• Problem statement: Give again, word for word, each line below starting at the one that contains "光遇作为美好治愈风游戏,它画" and ending at the one that contains "近日,武汉市环境保护产业协会".

• Exercise material:
⁂

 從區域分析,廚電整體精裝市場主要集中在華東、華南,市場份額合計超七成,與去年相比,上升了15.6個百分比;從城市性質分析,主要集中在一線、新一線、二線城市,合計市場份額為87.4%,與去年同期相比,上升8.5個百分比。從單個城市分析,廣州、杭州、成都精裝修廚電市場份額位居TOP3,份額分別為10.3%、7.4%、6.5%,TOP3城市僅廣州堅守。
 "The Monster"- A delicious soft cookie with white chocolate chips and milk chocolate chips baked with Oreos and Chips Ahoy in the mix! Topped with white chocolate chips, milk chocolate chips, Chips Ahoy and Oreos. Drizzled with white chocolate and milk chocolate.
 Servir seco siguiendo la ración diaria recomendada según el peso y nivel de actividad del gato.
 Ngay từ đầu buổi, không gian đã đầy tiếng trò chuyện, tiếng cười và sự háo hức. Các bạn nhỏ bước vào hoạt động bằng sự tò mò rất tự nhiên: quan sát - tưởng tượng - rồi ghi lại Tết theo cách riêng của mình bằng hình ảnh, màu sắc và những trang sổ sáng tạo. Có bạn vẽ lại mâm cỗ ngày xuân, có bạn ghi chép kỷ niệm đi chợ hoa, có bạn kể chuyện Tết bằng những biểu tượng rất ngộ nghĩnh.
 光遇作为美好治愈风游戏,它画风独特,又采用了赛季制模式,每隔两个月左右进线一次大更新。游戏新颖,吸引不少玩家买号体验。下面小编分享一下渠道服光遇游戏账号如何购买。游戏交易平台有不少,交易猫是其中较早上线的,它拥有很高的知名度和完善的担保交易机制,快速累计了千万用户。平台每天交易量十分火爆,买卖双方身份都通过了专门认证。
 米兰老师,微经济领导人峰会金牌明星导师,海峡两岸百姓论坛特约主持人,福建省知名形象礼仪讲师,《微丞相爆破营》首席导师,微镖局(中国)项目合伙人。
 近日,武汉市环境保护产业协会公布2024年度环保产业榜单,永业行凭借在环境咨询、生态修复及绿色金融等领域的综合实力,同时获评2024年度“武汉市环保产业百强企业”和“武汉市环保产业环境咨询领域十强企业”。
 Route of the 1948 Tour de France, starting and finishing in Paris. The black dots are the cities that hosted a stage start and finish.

⁂

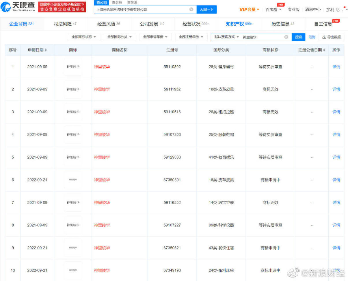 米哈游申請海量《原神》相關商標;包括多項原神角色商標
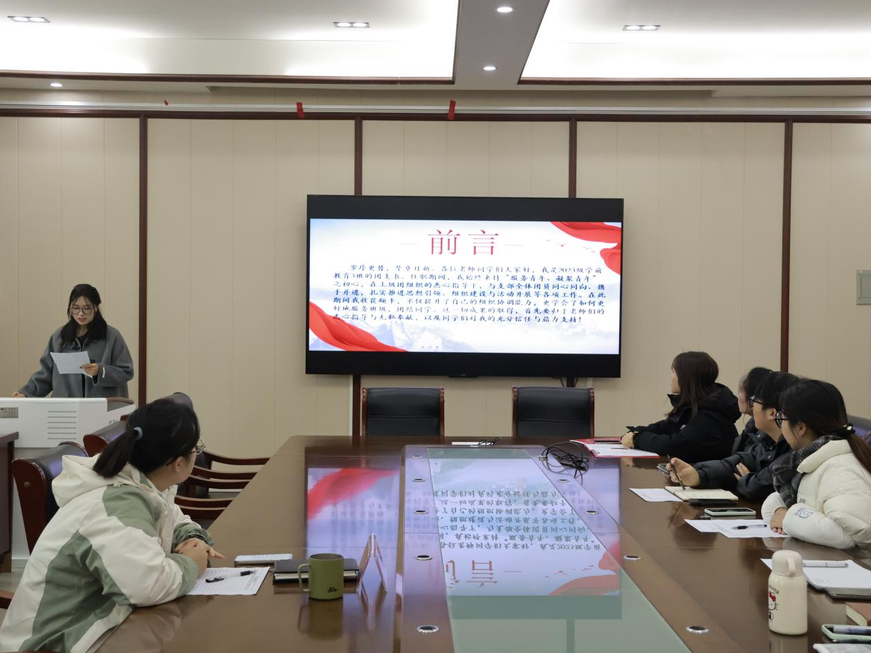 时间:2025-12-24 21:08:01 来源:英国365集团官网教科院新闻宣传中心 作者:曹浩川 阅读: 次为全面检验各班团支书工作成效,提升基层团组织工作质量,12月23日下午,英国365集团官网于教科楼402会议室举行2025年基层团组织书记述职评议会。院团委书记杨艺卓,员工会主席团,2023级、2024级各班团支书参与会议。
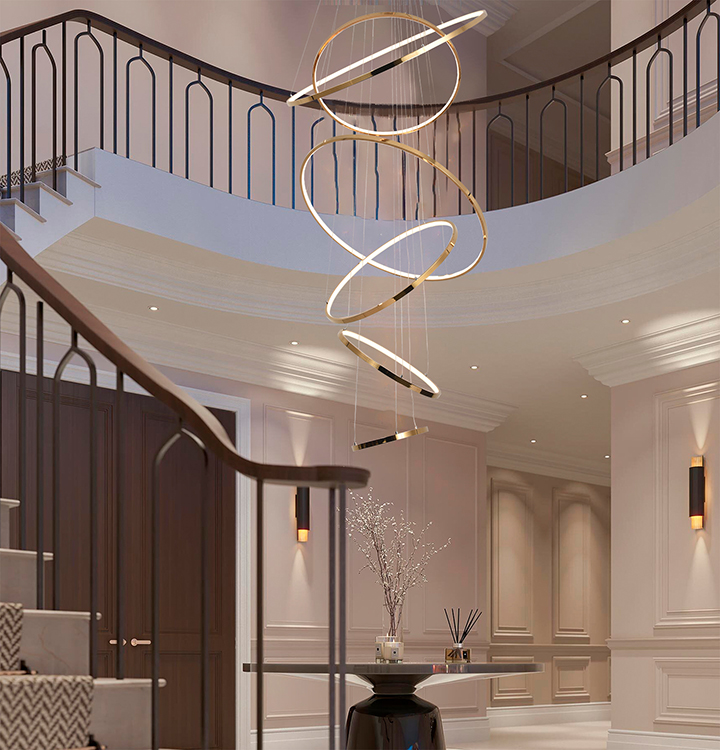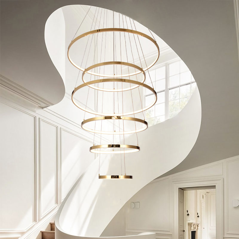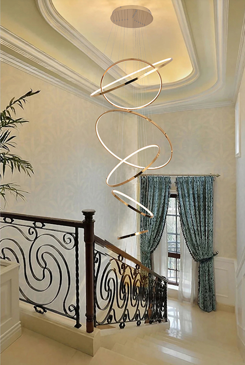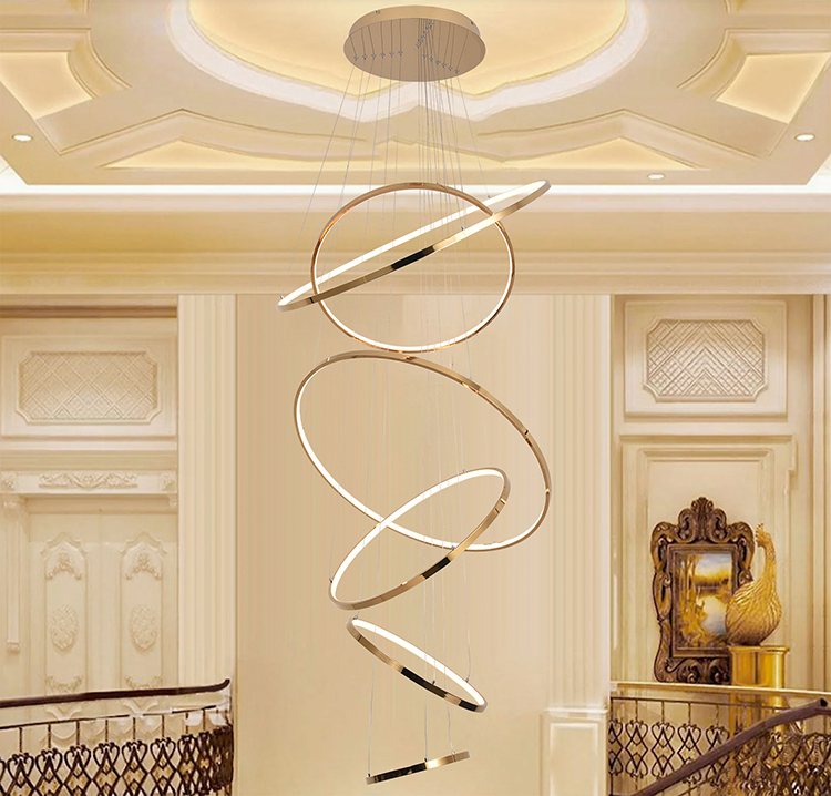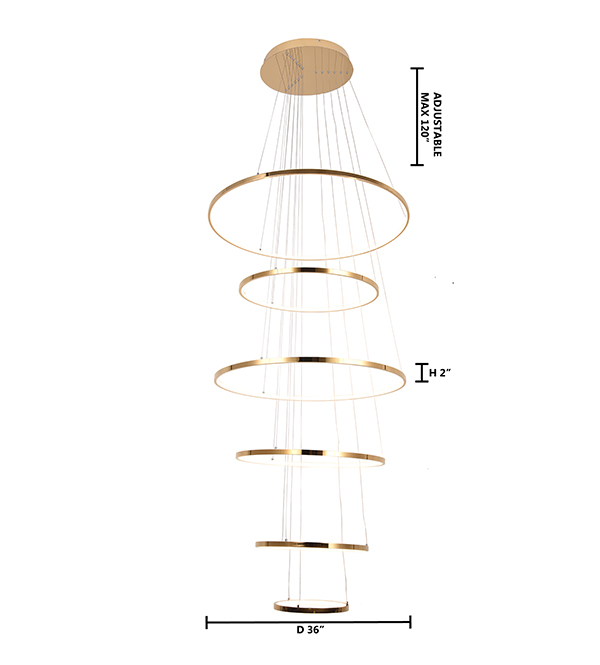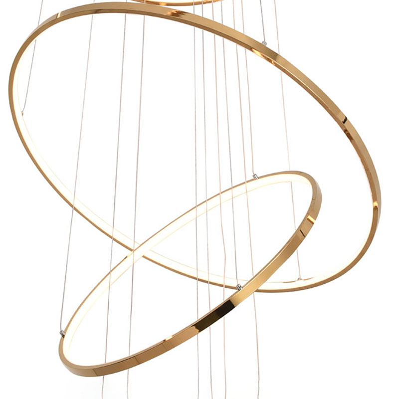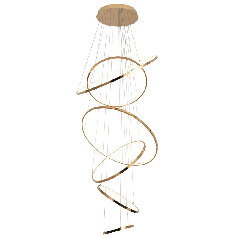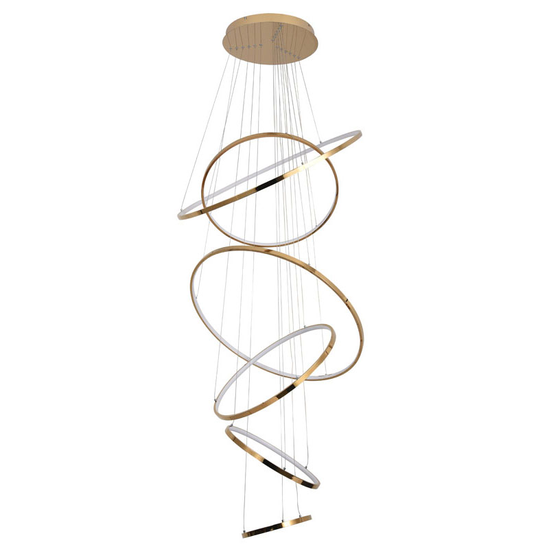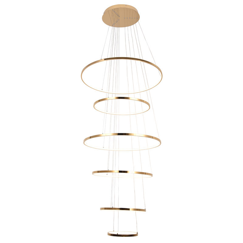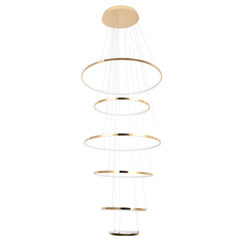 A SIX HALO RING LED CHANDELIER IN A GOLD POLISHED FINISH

⁂

• Result for this exercise:
 光遇作为美好治愈风游戏,它画风独特,又采用了赛季制模式,每隔两个月左右进线一次大更新。游戏新颖,吸引不少玩家买号体验。下面小编分享一下渠道服光遇游戏账号如何购买。游戏交易平台有不少,交易猫是其中较早上线的,它拥有很高的知名度和完善的担保交易机制,快速累计了千万用户。平台每天交易量十分火爆,买卖双方身份都通过了专门认证。
 米兰老师,微经济领导人峰会金牌明星导师,海峡两岸百姓论坛特约主持人,福建省知名形象礼仪讲师,《微丞相爆破营》首席导师,微镖局(中国)项目合伙人。
 近日,武汉市环境保护产业协会公布2024年度环保产业榜单,永业行凭借在环境咨询、生态修复及绿色金融等领域的综合实力,同时获评2024年度“武汉市环保产业百强企业”和“武汉市环保产业环境咨询领域十强企业”。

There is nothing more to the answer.